Die Biotechnologie-Firma Oxitec liegt vor den Toren der britischen Universitätsstadt Oxford. Der Genetiker Luke Alphey hat sie gegründet und die neue Mücke patentiert. Jetzt sieht er sich fast am Ziel:

"Ich zögere, in diesem frühen Stadium von der globalen Ausrottung der Dengue-Mücke zu sprechen. Doch garantiert steht unserer Mücke eine glänzende Zukunft bevor. Wir haben uns viel Zeit genommen, der Firma Moscamed unsere Technologie zu vermitteln. Sie hat Erfahrung mit der Aufzucht steriler mediterraner Fruchtfliegen, die gegen Plantagenschädlinge eingesetzt werden. Das macht sie zu einem guten Partner für uns."

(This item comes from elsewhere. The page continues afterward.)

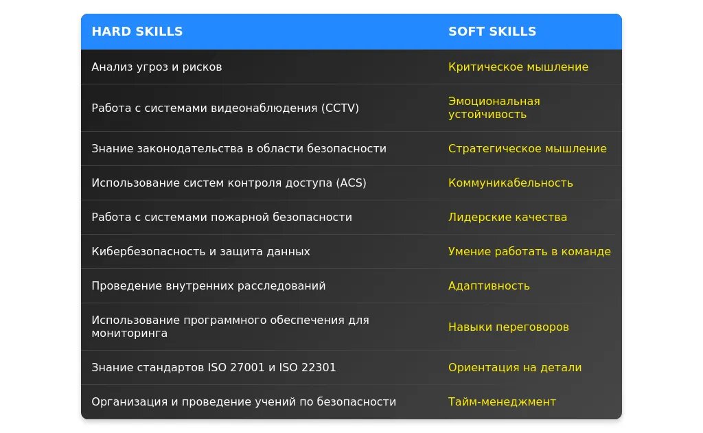 - Перечень востребованных навыков для специалиста службы безопасности;

Mit einer feinen Glasnadel spritzte Luke Alphey vor etwa zehn Jahren ein Stück DNA in die Eier der Dengue-Mücke. Diese neue DNA führt zur unkontrollierten und tödlichen Produktion eines Proteins. Solange sich das Antibiotikum Tetrazyklin an das Erbmolekül heftet, ist es blockiert und die Mücke überlebt. Ihr bleibt gerade einmal genug Zeit, um sich mit ihren wilden Artgenossen zu paaren und das tödliche Gen an die Nachkommen weiterzugeben.

"Der ganze Prozess war mühevoll und wenig effizient. Wir mussten in viele Ei-Embryonen DNA injizieren, bis einige Eier die DNA einbauten und wir sie ausbrüten konnten."

Nach der ersten Freisetzung auf den Kaiman-Inseln suchte die Firma Oxitec nach weiteren Ländern für ihre Experimente. Zuerst war Malaysia einverstanden, begrenzte allerdings Ende 2010 den Versuch auf wenige Tage. In Florida in den USA entschieden sich die Behörden gegen eine Freisetzung. Doch in Brasilien konnte es 2011 losgehen. Im heißen, trockenen Juazeiro.

Danilo Carvalho begleitet mich in eine Halle. Hier werden die Dosen mit den männlichen Mücken in Styroporkisten gestapelt. Die Kisten kommen auf die Ladefläche eines Pick-Ups, der draußen im Hof wartet. Ein Techniker wird mitfahren, wir steigen auf die Ladefläche. Im Schneckentempo rollt der Pickup durch die staubigen Straßen des Stadtteils Mandacarú. Der Techniker öffnet die Styroporschachtel einen Spalt. Zu viel Sonne macht die Mücken nervös, sagt er. Bevor er den Deckel der Dose abzieht, klopft er darauf, um die Tiere aufzuscheuchen. Dann kippt er die Mücken in die Luft. Es ist Mittag, die Straßen unbelebt. Vögel zwitschern, ab und zu bellt ein Hund.